W_{x y}^{χ^{2}} = \sum_{c} {(N_{x y}^{c} - E_{x y}^{c})}^{2} / E_{x y}^{c}

(1a)

W_{x y}^{L} = log (P_{x y} / Q_{x y})

(1b)

where c ∈ {epitope, non-epitope}, $N_{x y}^{c}$ is the number of edges with type xy and label c in our training data, $E_{x y}^{c}$ is the number of expected edges with type xy and label c, P_xy is the probability that a pair of residues xy in epitopes, and Q_xy is the probability that a pair of residues xy in non-epitopes. P_xy is given by

P_{x y} = N_{x y} / \sum_{x^{'}} \sum_{y^{'}} N_{x^{'} y^{'}},

where, N_xy is the number of residue pairs xy in a cluster, i.e., the number of edges connecting two nodes with one node labeled as x and the other as y. Q_xy is calculated by the same way of computing P_xy.

The weight calculation for boundary edges is very innovative. A boundary edge is an edge connecting an epitope residue and a non-epitope residue. We group all of the boundary edges (e.g. dashed black lines in Figure 3) in our graph database as a class, and take all epitope edges (e.g. solid blue lines in Figure 3) as the other class. Then, we apply Equation (1a) and (1b) to calculate the weights $W_{x y}^{'}$ for the boundary edges by setting c ∈ {boundary_class, epitope_classg}. This process is also applied with regard to the boundary class and non-epitope class (e.g., edges with solid orange lines in Figure 3) to determine weights $W_{x y}^{''}$ for the boundary edges. In other words, $W_{x y}^{'}$ and $W_{x y}^{''}$ are determined by using the exactly same equations as computing W_xy, with substitution of the relevant class label c. The weight of a boundary edge xy is finally set as $W_{x y}^{'}$ or $W_{x y}^{''}$ whichever is larger. Those boundary edges with heavy weights (larger than a threshold W₀) are definitely boundary edges between epitope and non-epitope subgraphs. We remove them to sharpen the distinction in the later clustering step and supervised learning. Boundary edges might change to another set when different computational methods are used to define epitope residues, such as using accessible surface area larger than 1Å² upon binding with an antibody [6, 27] and distance threshold of 4Å [7, 28], 5Å [29] or 6Å [30]. However, Ponomarenko et. al. have shown that epitope residues have no significant difference when various criteria are used to capture epitope residues [24].

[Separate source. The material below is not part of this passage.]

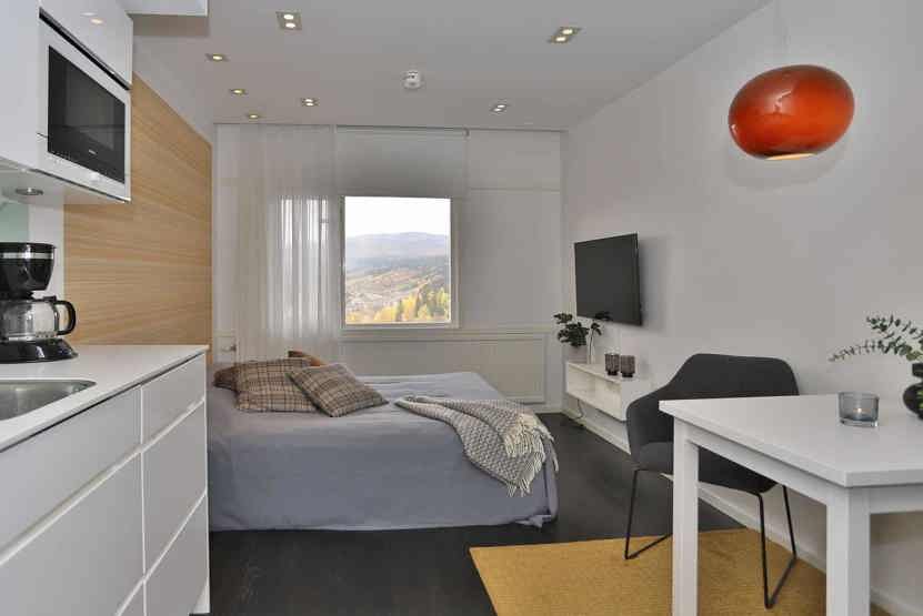 Tott Apartments ligger i Åre By. Studio på 3 etage, 2 sengepladser, 21 kvm, alrum med kombineret sove- og køkkenafdeling, 1 bruser, 1 WC.

As a few number of large weights can pull all weight values towards zero after normalization, we further contrast normalized weights W_xy to amplify important weights and suppress trifling weights by

f (W) = \frac{1}{1 + {(θ \frac{W}{1 - W})}^{- γ}} .

where θ and are γ optimized as 3 and 3 in this study.

Since there are only 20 different standard residue types, the total number of different weights between two residue types is $210 (= C_{2}^{20} + C_{1}^{20})$ .

Clustering on nodes in an antigen surface graph

Antigen surface graphs are constructed by Qhull with weights W on edges determined by the procedure above. We then use mcl [22] (an implementation of the MCL algorithm with inflation coefficient r of 1.8) to cluster the nodes and edges of every antigen graph into subgraphs. In the MCL algorithm, the graph of an antigen surface residues is represented by a square matrix M, where each row/column represents a surface residue and the value of each entry is the weight of these two residue types. In the expansion stage of MCL, M is expanded as the normal product of itself; during the inflation stage, the matrix M undertakes Hadamard power with coefficient r followed by normalization. This two steps keep on in iteration until an equilibrium state is reached, i.e., when expansion and inflation do not alter the matrix any more.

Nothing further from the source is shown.